■ **About this task**
The task calls for the line containing "Tool belts complete" and all later lines, through the end of the entries below, to be set down exactly and without pictures.

Collected data entries:
++++++++++++++++++++
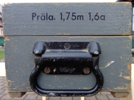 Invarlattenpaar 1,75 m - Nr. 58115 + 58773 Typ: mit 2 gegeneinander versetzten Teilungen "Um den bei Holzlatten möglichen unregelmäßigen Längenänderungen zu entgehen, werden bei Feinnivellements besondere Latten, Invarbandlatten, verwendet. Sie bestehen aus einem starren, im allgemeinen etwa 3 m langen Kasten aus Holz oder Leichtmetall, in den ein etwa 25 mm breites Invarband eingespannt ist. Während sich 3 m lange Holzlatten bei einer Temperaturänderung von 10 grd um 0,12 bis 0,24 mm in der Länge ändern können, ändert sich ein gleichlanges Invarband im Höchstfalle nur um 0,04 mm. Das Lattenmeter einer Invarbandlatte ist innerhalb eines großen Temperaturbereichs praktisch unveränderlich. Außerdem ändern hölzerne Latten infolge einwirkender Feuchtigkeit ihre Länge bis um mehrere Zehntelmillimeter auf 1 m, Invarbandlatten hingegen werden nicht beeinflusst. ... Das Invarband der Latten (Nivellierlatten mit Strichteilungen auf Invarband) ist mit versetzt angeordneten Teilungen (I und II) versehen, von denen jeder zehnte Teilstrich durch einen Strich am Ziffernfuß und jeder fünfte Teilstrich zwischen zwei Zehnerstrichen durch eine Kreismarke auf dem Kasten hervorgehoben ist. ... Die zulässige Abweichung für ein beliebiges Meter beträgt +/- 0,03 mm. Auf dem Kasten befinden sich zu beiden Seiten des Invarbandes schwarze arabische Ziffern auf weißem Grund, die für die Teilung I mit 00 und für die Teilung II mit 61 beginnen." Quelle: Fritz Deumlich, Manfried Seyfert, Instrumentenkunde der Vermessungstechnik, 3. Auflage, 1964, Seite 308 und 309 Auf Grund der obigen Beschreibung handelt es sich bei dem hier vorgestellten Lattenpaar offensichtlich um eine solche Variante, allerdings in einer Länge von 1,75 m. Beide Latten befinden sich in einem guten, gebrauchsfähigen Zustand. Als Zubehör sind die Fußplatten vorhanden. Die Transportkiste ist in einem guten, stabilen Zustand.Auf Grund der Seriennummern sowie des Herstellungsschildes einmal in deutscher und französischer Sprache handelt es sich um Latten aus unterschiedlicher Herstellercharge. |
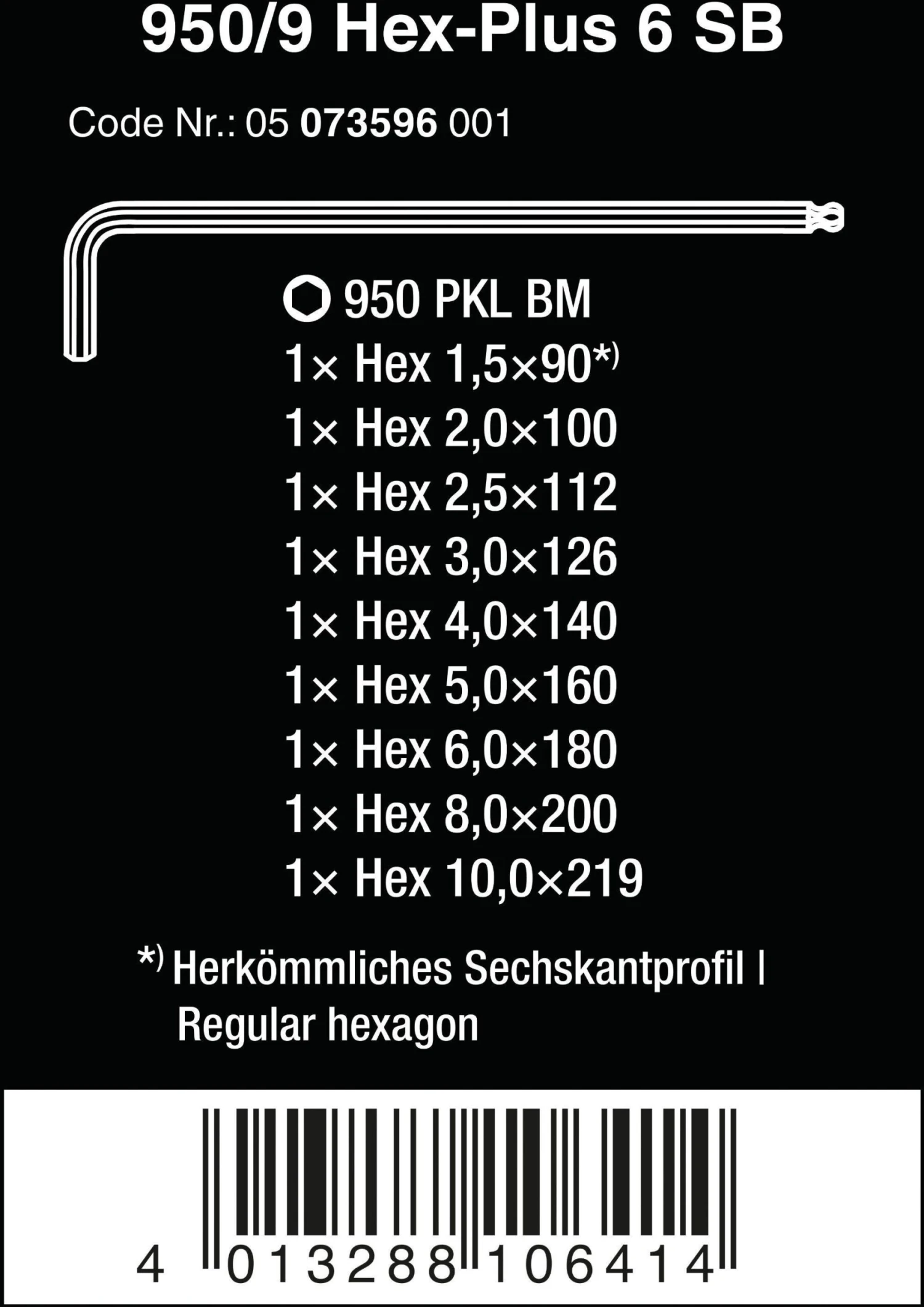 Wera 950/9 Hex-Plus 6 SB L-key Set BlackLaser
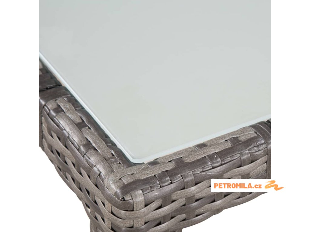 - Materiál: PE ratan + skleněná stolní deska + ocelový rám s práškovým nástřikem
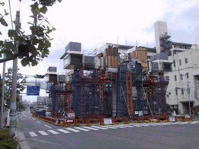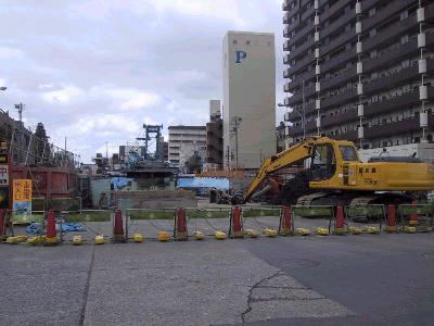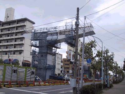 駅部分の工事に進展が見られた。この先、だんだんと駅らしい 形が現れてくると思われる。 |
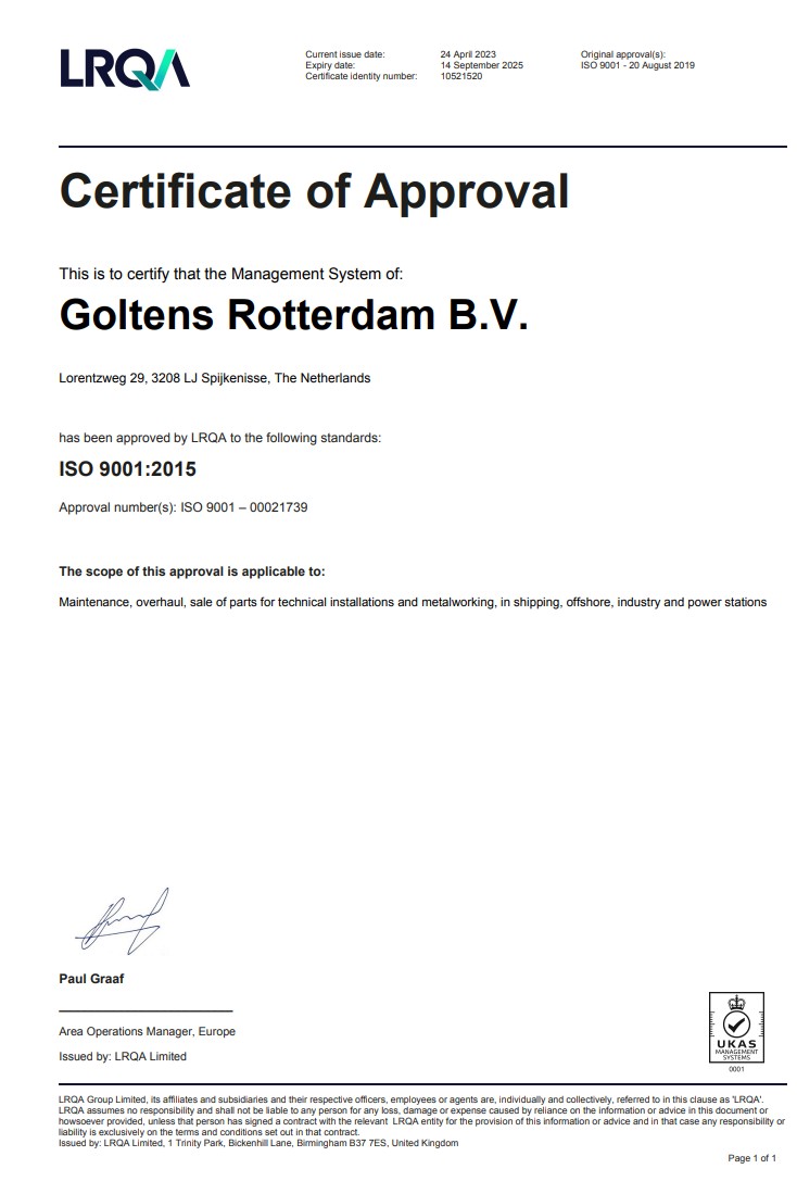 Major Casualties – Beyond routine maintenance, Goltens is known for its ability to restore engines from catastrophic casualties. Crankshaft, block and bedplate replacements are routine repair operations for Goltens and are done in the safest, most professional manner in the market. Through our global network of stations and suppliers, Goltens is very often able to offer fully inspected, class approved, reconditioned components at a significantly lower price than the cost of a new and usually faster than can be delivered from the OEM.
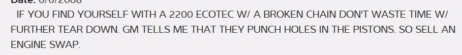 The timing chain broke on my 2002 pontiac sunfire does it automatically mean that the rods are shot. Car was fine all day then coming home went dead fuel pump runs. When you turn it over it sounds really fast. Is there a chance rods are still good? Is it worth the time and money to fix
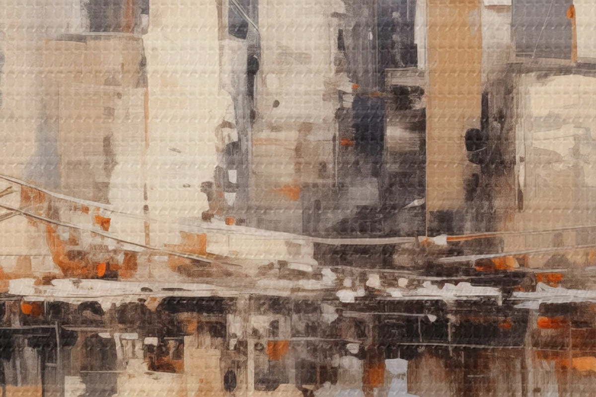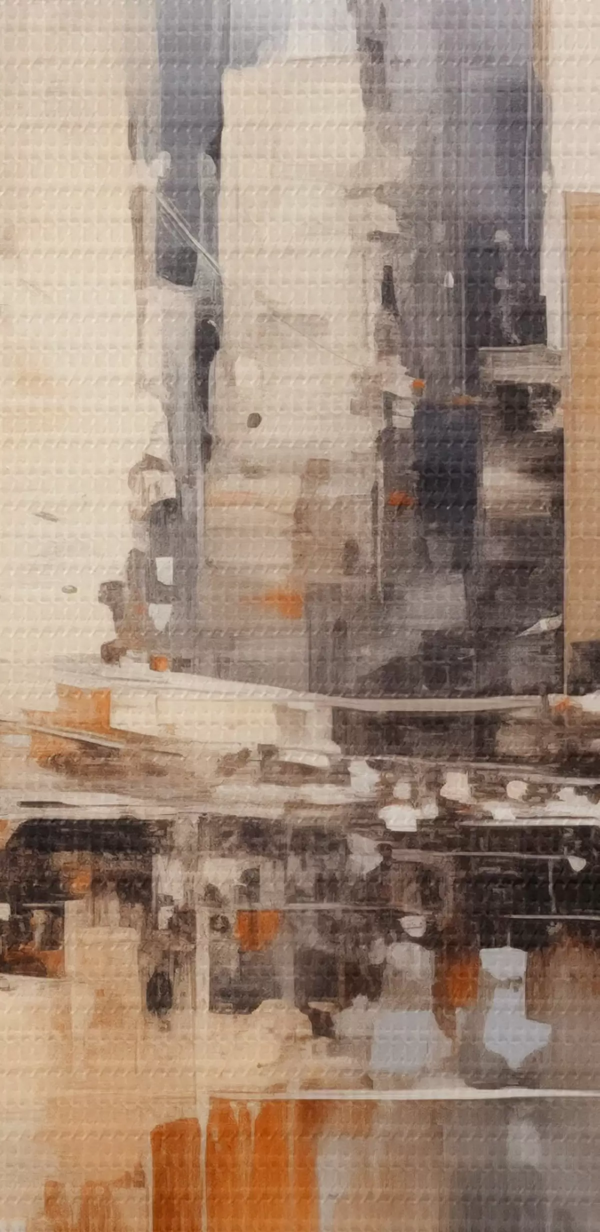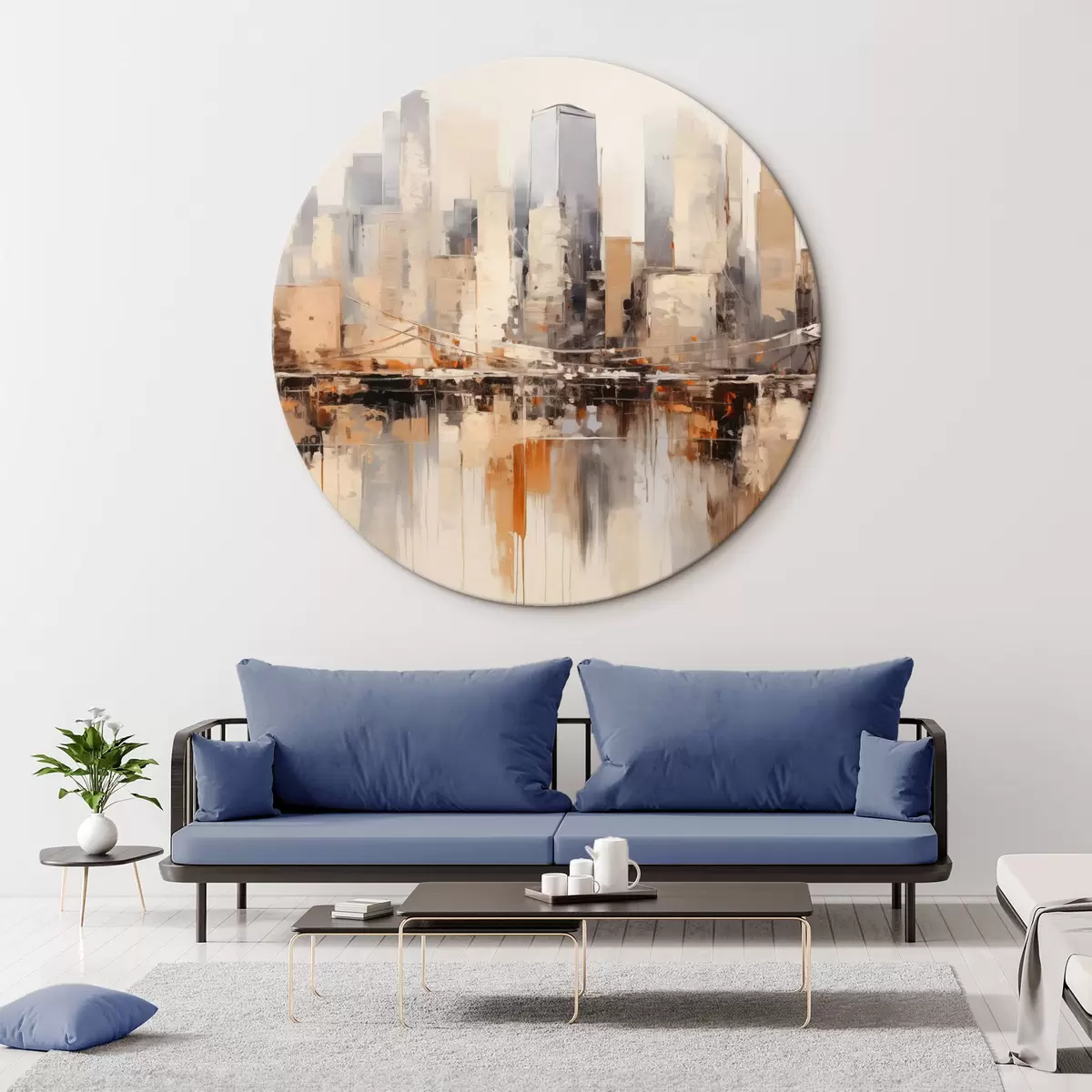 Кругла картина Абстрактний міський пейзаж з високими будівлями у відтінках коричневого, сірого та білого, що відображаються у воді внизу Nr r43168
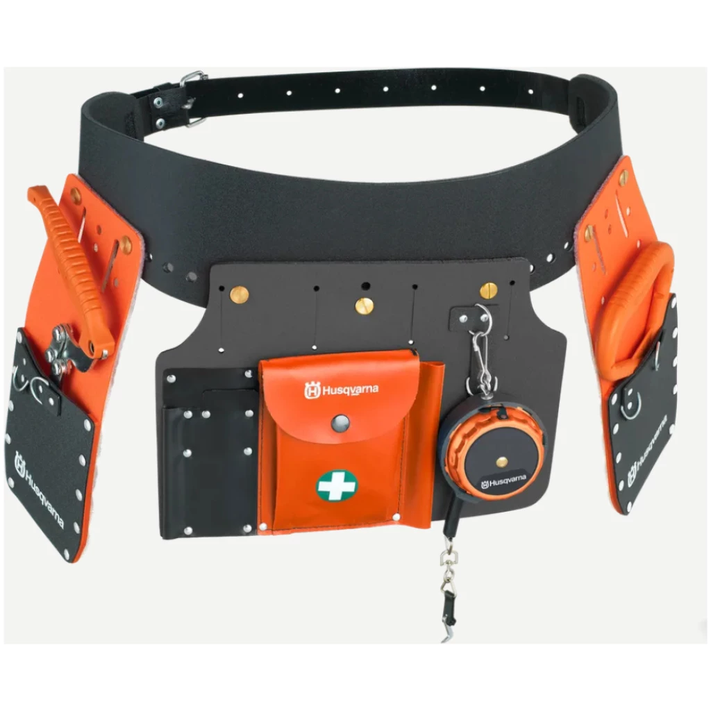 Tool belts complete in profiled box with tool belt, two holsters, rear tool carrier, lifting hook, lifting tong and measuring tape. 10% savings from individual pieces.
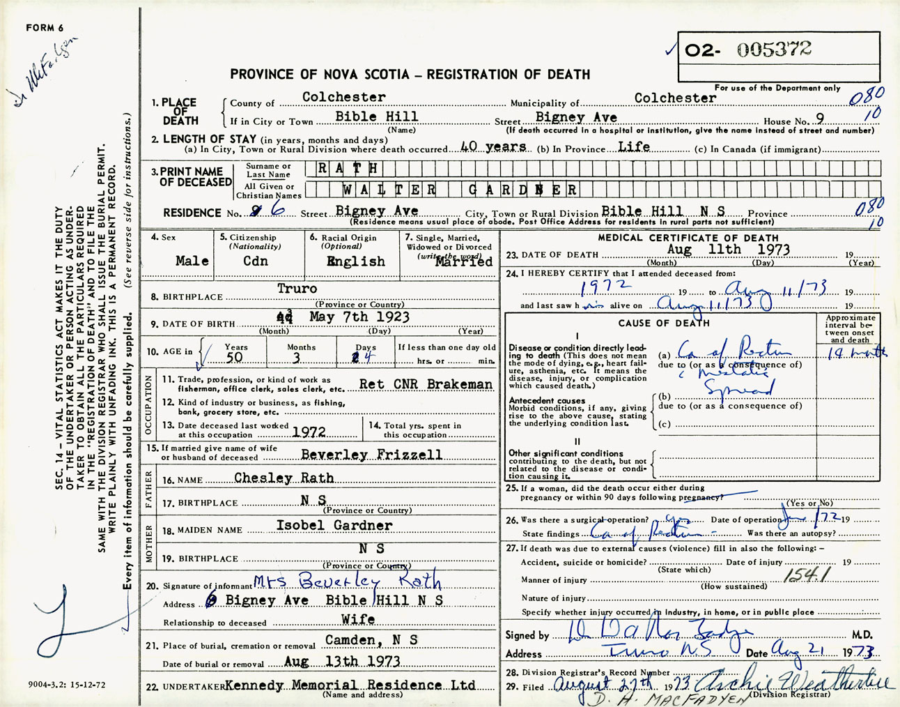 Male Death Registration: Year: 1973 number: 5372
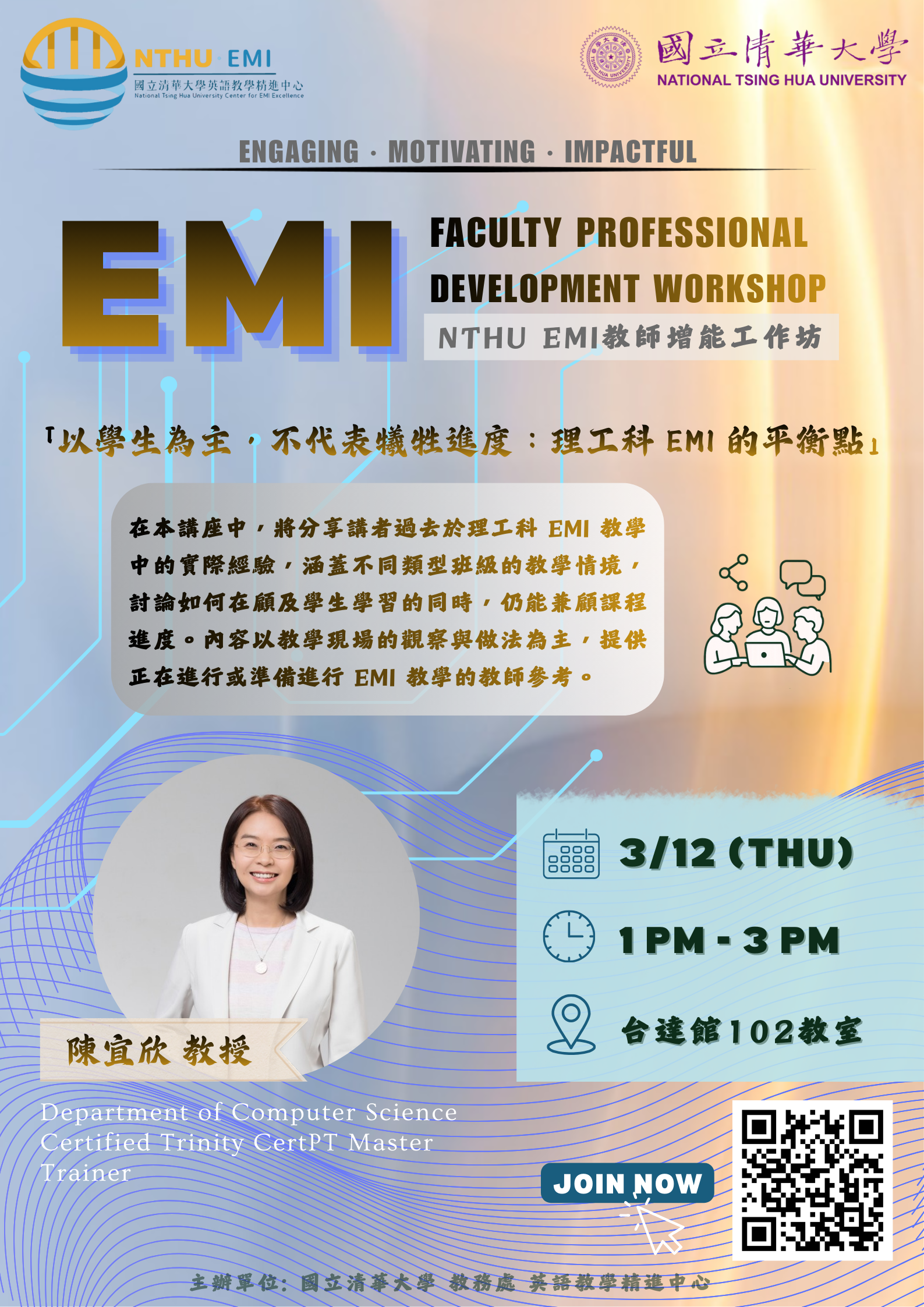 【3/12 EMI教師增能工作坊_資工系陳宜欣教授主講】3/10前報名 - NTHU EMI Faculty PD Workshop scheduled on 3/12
++++++++++++++++++++
■ **Output for this exercise**
 Tool belts complete in profiled box with tool belt, two holsters, rear tool carrier, lifting hook, lifting tong and measuring tape. 10% savings from individual pieces.
 Male Death Registration: Year: 1973 number: 5372
 【3/12 EMI教師增能工作坊_資工系陳宜欣教授主講】3/10前報名 - NTHU EMI Faculty PD Workshop scheduled on 3/12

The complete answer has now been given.